Frequently Asked Questions

Do I need to register my copyright to be protected?

No. Copyright protection begins automatically when you create an original work and fix it in tangible form (write it down, save it digitally, record it). However, you must register with the U.S. Copyright Office before you can file a lawsuit for infringement. Registering early also lets you recover statutory damages and attorney fees, which can be significant.

What is the difference between a trademark and a copyright?

A trademark protects brand identifiers – names, logos, and slogans that tell customers who made a product or provides a service. A copyright protects creative works – books, music, art, software, photographs. A business name or logo can be protected by trademark, while the content on your website or the design of your product packaging may be protected by copyright. You may need both.

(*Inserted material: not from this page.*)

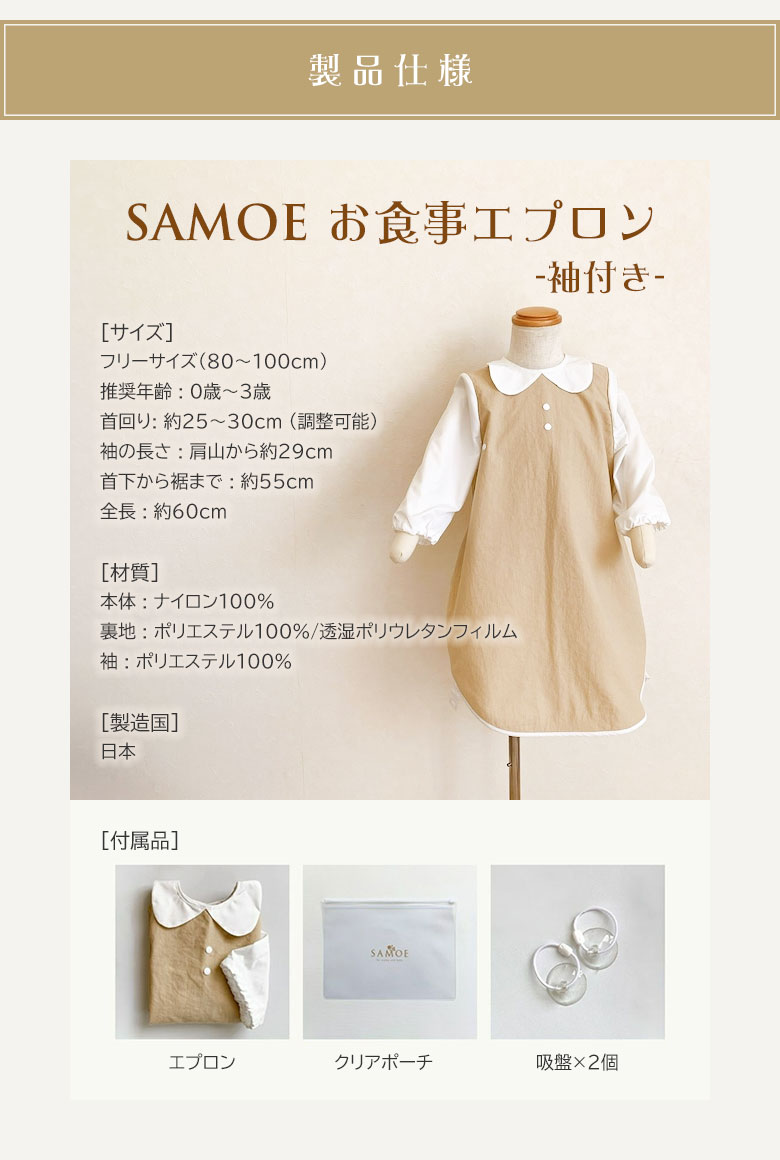 [商品名]SAMOE(サモエ)お食事エプロン デザイン 袖付き

Can I trademark my business name?

Yes, if your business name is distinctive and not already in use by another business in your field. Generic or purely descriptive names (like “Minnesota Plumbing” for a plumbing company) are difficult or impossible to trademark. Unique, creative names receive the strongest protection. Search the USPTO database before investing in a name.

What should I do if someone copies my work online?

Start by documenting the infringement (take screenshots with dates). Then file a DMCA takedown notice with the website’s hosting provider or the platform where the content appears. Most platforms (YouTube, Facebook, Instagram, Amazon) have processes for reporting copyright infringement. If the infringement continues, consult an attorney about sending a cease and desist letter or filing a lawsuit.

How do I protect a trade secret?

You protect a trade secret by keeping it secret. Under MUTSA ( Minn. Stat. § 325D.11 through Minn. Stat. § 325D.16 ), you must take reasonable steps to maintain secrecy. Use non-disclosure agreements with employees and business partners. Limit access to only those who need the information. Mark documents as confidential. Use passwords and physical security. If someone steals or improperly discloses your trade secret, you can sue for damages.

Is a patent worth the cost for a small business?

It depends on your invention and your business goals. Patents are expensive to obtain and enforce, but they give you the exclusive right to your invention for up to 20 years. If your invention is easy to copy and central to your business, a patent may be a good investment. If your competitive advantage comes from speed, customer relationships, or trade secrets, a patent may not be necessary. Talk to a patent attorney to evaluate your situation.